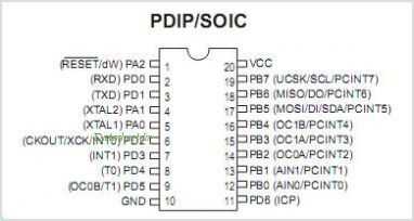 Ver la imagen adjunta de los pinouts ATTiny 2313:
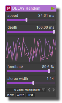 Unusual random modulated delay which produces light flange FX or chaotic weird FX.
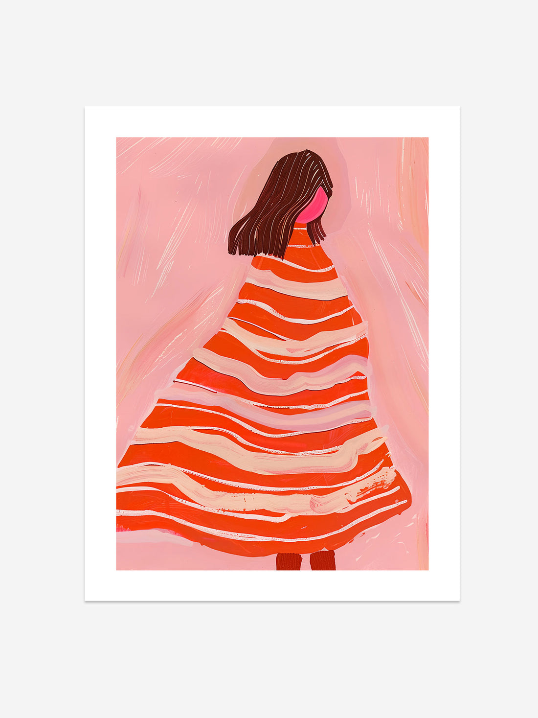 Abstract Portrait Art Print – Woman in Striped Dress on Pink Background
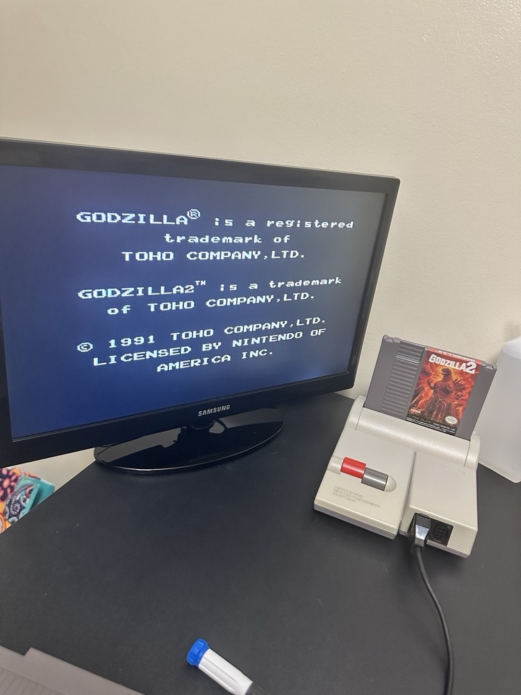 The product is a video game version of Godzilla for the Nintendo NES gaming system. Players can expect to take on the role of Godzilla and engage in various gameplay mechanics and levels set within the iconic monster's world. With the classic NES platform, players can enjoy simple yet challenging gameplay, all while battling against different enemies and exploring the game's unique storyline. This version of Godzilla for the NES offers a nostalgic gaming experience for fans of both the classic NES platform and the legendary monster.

§ Work required: Restate each line of the material word for word, skipping any picture.

§ Solution to this task:
 Ver la imagen adjunta de los pinouts ATTiny 2313:
 Unusual random modulated delay which produces light flange FX or chaotic weird FX.
 Abstract Portrait Art Print – Woman in Striped Dress on Pink Background
 The product is a video game version of Godzilla for the Nintendo NES gaming system. Players can expect to take on the role of Godzilla and engage in various gameplay mechanics and levels set within the iconic monster's world. With the classic NES platform, players can enjoy simple yet challenging gameplay, all while battling against different enemies and exploring the game's unique storyline. This version of Godzilla for the NES offers a nostalgic gaming experience for fans of both the classic NES platform and the legendary monster.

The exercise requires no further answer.